1. help with derivatives (applied problem)

Can anyone help me figure this problem out?

Any help is appreciated! Thanks

2. What have you tried so far?

3. i answered part a with V=s^3 A=s^2...i dont know what it means to differentiate dV/dt with respect to s...

4. Originally Posted by colerelm1
i answered part a with V=s^3 A=s^2...i dont know what it means to differentiate dV/dt with respect to s...
Good!

$\displaystyle \displaystyle \frac{dV}{dt}=kA=ks^2$

Do you think k will be positive or negative? (Remember that the volume is decreasing with time.)

5. Did you mean "differentiate $\displaystyle V$ with respect to $\displaystyle t$? If so, then it's called implicit differentiation:

$\displaystyle \dfrac{dV}{dt} = 3s^2 \dfrac{ds}{dt}$

6. Originally Posted by alexmahone
Good!

$\displaystyle \displaystyle \frac{dV}{dt}=kA=ks^2$

Do you think k will be positive or negative? (Remember that the volume is decreasing with time.)
ok i know its going to be negative because its decreasing but how do I do part c? I honestly have no clue where to start this one. My thinking is that dV/dt means volume(y axis) with respect to time (x axis) related to some ds/dt where s (y axis) is being differentiated with respect to time (x axis). I know how to read leibniz notation I just can't seem to grasp an understanding of it...

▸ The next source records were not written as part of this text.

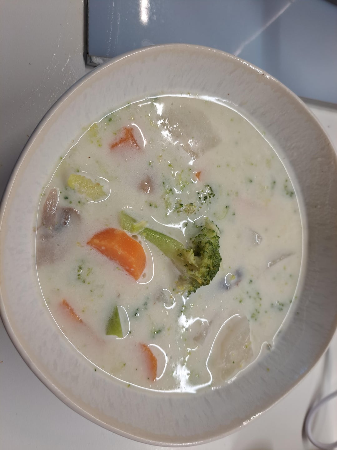 Pasta with shrimp 350 kcal (50 grams uncooked pasta + 100 grams frozen shrimp + a little bit broccoli, oil, lemon juice and cream) Salad 57 kcalCreamy broccoli soup 217 kcal by Fine-Ad-2081 Dining and Cooking
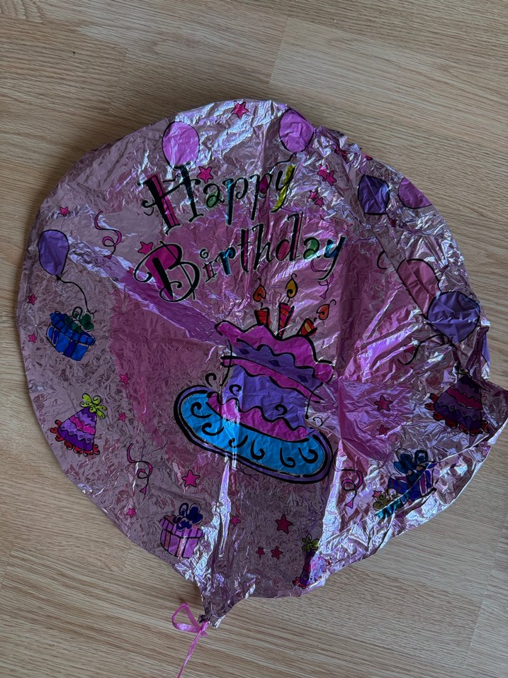 Pastel pembe renkte, üzerinde doğum günü pastası, hediyeler ve parti şapkaları bulunan renkli doğum günü balonu.
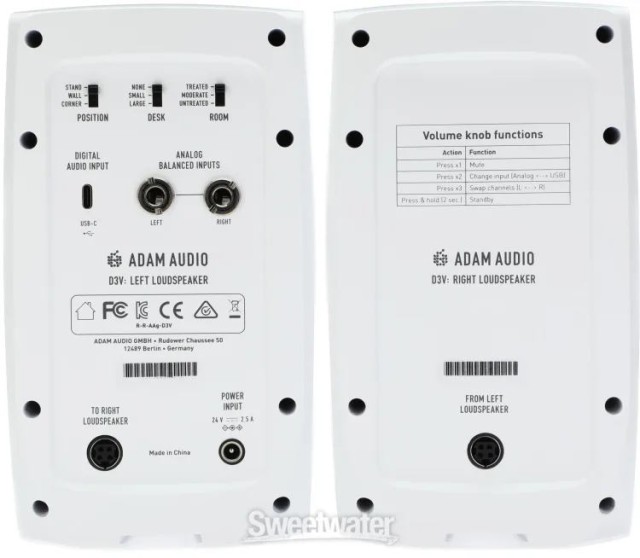 Ausgestattet mit einem USB-C-Eingang und zwei symmetrischen Klinkenbuchsen bietet der D3V hochwertige digitale und analoge Anschlüsse. Zu den übersichtlichen Bedienelementen gehören ein Multifunktions-Lautstärkeregler, intuitive Raumkompensationsschalter und eine mehrfarbige Statusanzeige. Das D3V wird mit abnehmbaren Monitorständern und eingebauten Mikrofonständerhalterungen mit Gewinde (3/8″) für eine perfekte Positionierung in jeder Umgebung geliefert.
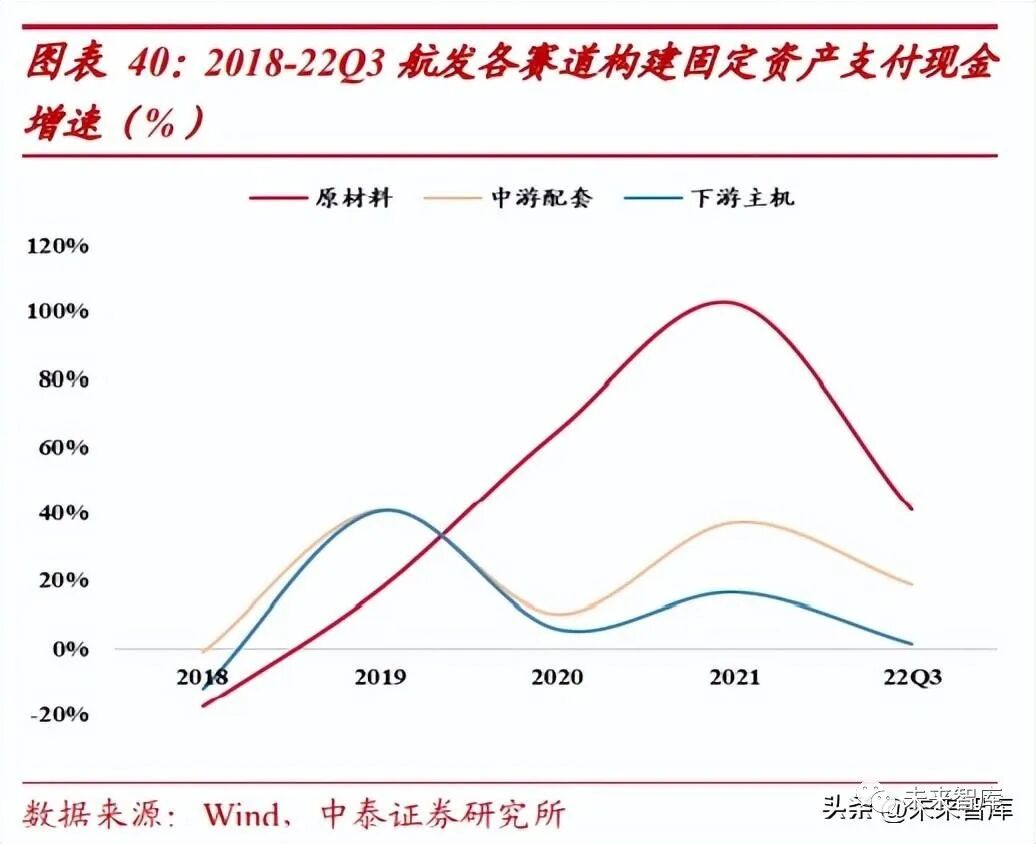 從前瞻指標來看,產業鏈整體于 2019 年開始密集產能擴充,2021 年 為新一輪產能布局高峰,目前處于產能建設快速爬坡階段。軍工“以 銷定產”特性明顯,受益于發動機成熟型號放量和新型號進入批產節 點,2019 年和 2021 年全產業鏈購建固定資產、無形資產和其他長期 資產支付的現金增速為 38.19%和 36.86%,表明全產業鏈自 2019 年 擴產提速;一般項目建設周期為 2-3 年,2021 年和 2022 年 Q3 固定 資產凈值增速分別為 8.69%和 13.02%,表明 2022 年起全產業鏈產能 快速爬坡,上中下游各環節產能瓶頸逐步擊破,產能快速釋放或給予 業績增長保障。
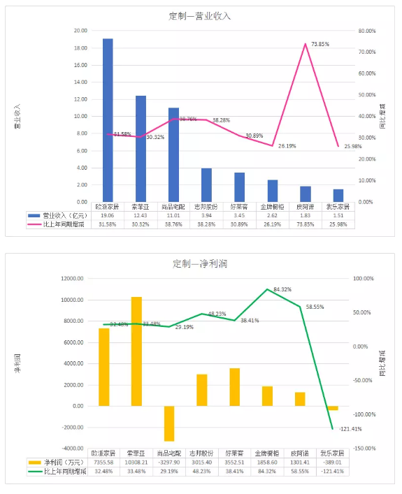 定制类,欧派家居、索菲亚、尚品宅配营收位居前三,其中欧派营收最高,19.06亿元;索菲亚净利润最高,达1.03亿元;尚品宅配今年第一季度的净利润依然为负,与上年-4657.14相比,今年-3297.9万元,同比上升了29.19%;另一家净利润也有亏损的是我乐家居,-389.01万元,较去年的-175.69万元,同比下降121.41%。
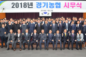 경기농협은 2일 대회의실에서 중앙회, 은행 등 직원 100여명이 참석한 가운데 2018년 시무식을 개최했다. 이날 참석자들은 순국선열 및 농업과 농촌 발전을 위해 힘쓰다 순국하신 농업인에 대한 묵념을 시작으로 새해를 맞아 악수와 격려를 통해 신년하례식을 갖고, 새로 전입한 직원들과 덕담을 건네며 서로간의 건강과 행복을 기원했다. 남창현 본부장은 신년사를 통해 지난 1년간 직원들이 이룬 값진 성과를 치하하고, 2018년 새롭게 추진해 나가고자 하는 경영방향에 대해 전달했다./경기농협 제공
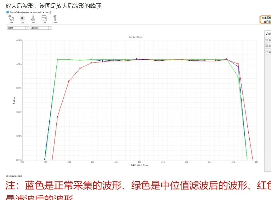 在主循环中,我们可以正常采集并输出卡尔曼滤波后的数据、中位值滤波后的数据以及原始ADC数据波形。为了方便调试和观察,可以通过串口或DAC等接口将数据输出到示波器或其他显示设备上。在程序的关键部分添加注释,有助于理解和维护程序。例如:
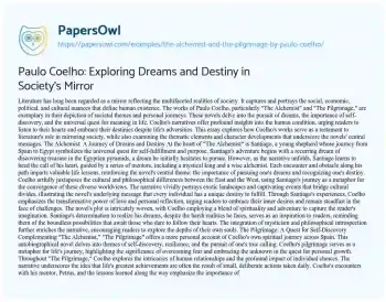 Paulo Coelho: Exploring Dreams and Destiny in Society's Mirror. (2019, Jan 24). Retrieved from https://hub.papersowl.com/examples/the-alchemist-and-the-pilgrimage-by-paulo-coelho/
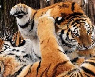 Сибирские тигры играют в зоопарке Двур Кралове, Чехия.
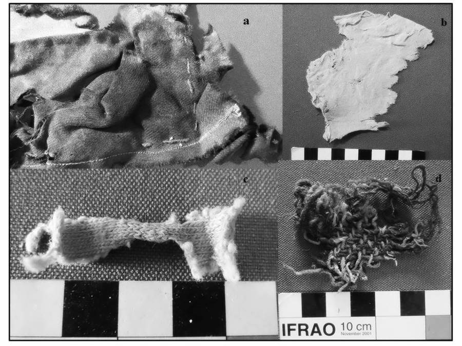 En cuanto a los textiles, la muestra se compone de 39 piezas, con una paridad significativa entre los elaborados artesanalmente y los de manufactura industrial. Respecto a la materia prima, hay una primacía de los textiles confeccionados con fibra vegetal, específicamente algodón. Se registraron tres tipos de estructura textil: plana o llana, sarga y tejido en punto. Los tejidos en punto fueron confeccionados en su totalidad con fibra de animal. Hay un marcado consumo de telas de algodón en este espacio doméstico. Con relación a los fragmentos de tejidos en punto, se vinculan con prendas de vestir, tal es el caso del tejido teñido color fucsia, que corresponde a una prenda de abrigo, como un suéter; otro de los tejidos en punto —sin proceso de tinción y elaborado con fibra animal y cuyos atributos como el diámetro grueso de los hilados y su estructura ajustada— también remite a una prenda para cobijar.

7. Originally Posted by colerelm1
ok i know its going to be negative because its decreasing but how do I do part c? I honestly have no clue where to start this one. My thinking is that dV/dt means volume(y axis) with respect to time (x axis) related to some ds/dt where s (y axis) is being differentiated with respect to time (x axis). I know how to read leibniz notation I just can't seem to grasp an understanding of it...
$\displaystyle \displaystyle V=s^3$

Using the Chain Rule,

$\displaystyle \displaystyle \frac{dV}{dt}=\frac{dV}{ds}\frac{ds}{dt}=3s^2\frac {ds}{dt}$

8. Originally Posted by alexmahone
$\displaystyle \displaystyle V=s^3$

Using the Chain Rule,

$\displaystyle \displaystyle \frac{dV}{dt}=\frac{dV}{ds}\frac{ds}{dt}=3s^2\frac {ds}{dt}$
ok so for part (d) i got the answer of:

$\displaystyle ks^2 = 3s^2 ds/dt$
which is the same as $\displaystyle ds/dt = ks^2 / 3s^2$

Now, for part (e) I don't get how I would use my answer from (d) to write an equation which relates s(0) to s(1) and then use it to find t_melt in terms of the quantity s_1/s_0

Can anyone help me out?